Your task is to repeat all of the data exactly while excluding the pictures.

- [DATA SECTION]:

*** Block opens ***

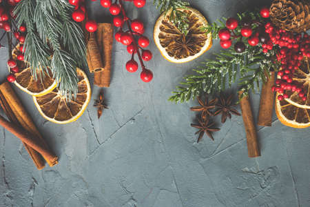 Christmas frame with fir tree, berries, cones and decor on rustic concrete background
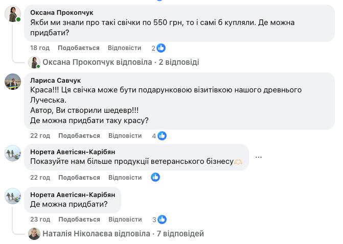 У коментарях до допису лучани відзначили красу та оригінальність виробу, дехто захотів придбати його собі.«Свідомого» депутата Андрія Лучика обурило, що міськрада вирішила купити сувенірні свічки в дружини військового. Мовляв, в інтернеті можна знайти й дешевші аромасвічки. Хоча як приклад навів свічки масового виробництва, зокрема з мережі «Аврора». В той час як майстриня робить їх власноруч, в оригінальному дизайні у формі Луцького замку. Андрій Лучик розкритикував також те, що Ірина Туревич зареєструвалася підприємицею лише у квітні 2024 року.
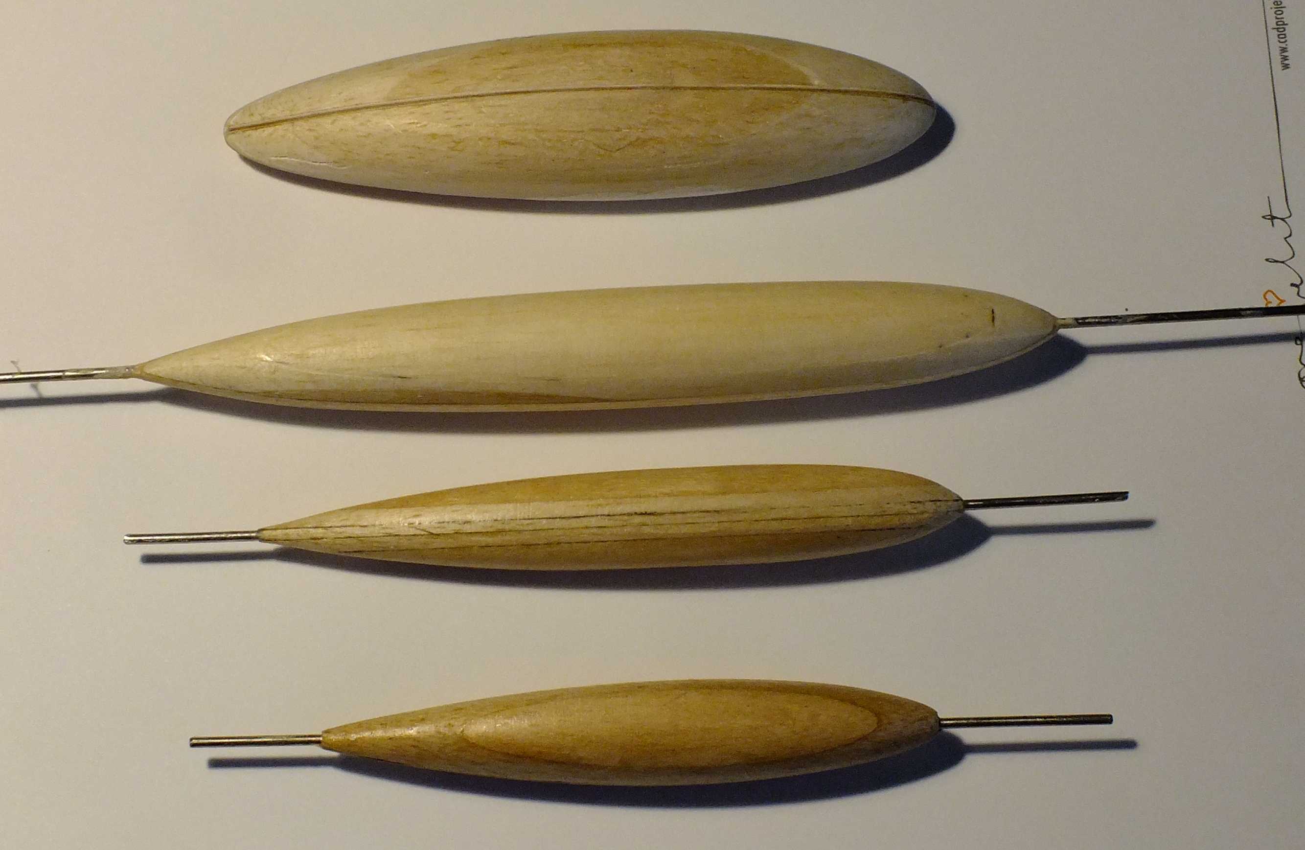 Bardzo ładny bulb (bulba). Nie mam pojęcia jak się powinno pisać. Kształtem przypomina mi profil z serii NACA 65 xxxx. Na rysunku pozwoliłem sobie odrysować Twój bulb, poniżej umieścić NACA 65_015 i powyżej mój profil. W pierwszym MINI zastosowałem, asymetryczny profil, jego model to ten "jajowaty" na górze zdjęcia. Poniżej model bulba do drugiego MINI i być może do RG 65. To mój własny profil trochę wzorowany na lini NACA 16. Na dole najbardziej klasyczny kształt.

*** Block closes ***

- [EXERCISE OUTPUT]:
 Christmas frame with fir tree, berries, cones and decor on rustic concrete background
 У коментарях до допису лучани відзначили красу та оригінальність виробу, дехто захотів придбати його собі.«Свідомого» депутата Андрія Лучика обурило, що міськрада вирішила купити сувенірні свічки в дружини військового. Мовляв, в інтернеті можна знайти й дешевші аромасвічки. Хоча як приклад навів свічки масового виробництва, зокрема з мережі «Аврора». В той час як майстриня робить їх власноруч, в оригінальному дизайні у формі Луцького замку. Андрій Лучик розкритикував також те, що Ірина Туревич зареєструвалася підприємицею лише у квітні 2024 року.
 Bardzo ładny bulb (bulba). Nie mam pojęcia jak się powinno pisać. Kształtem przypomina mi profil z serii NACA 65 xxxx. Na rysunku pozwoliłem sobie odrysować Twój bulb, poniżej umieścić NACA 65_015 i powyżej mój profil. W pierwszym MINI zastosowałem, asymetryczny profil, jego model to ten "jajowaty" na górze zdjęcia. Poniżej model bulba do drugiego MINI i być może do RG 65. To mój własny profil trochę wzorowany na lini NACA 16. Na dole najbardziej klasyczny kształt.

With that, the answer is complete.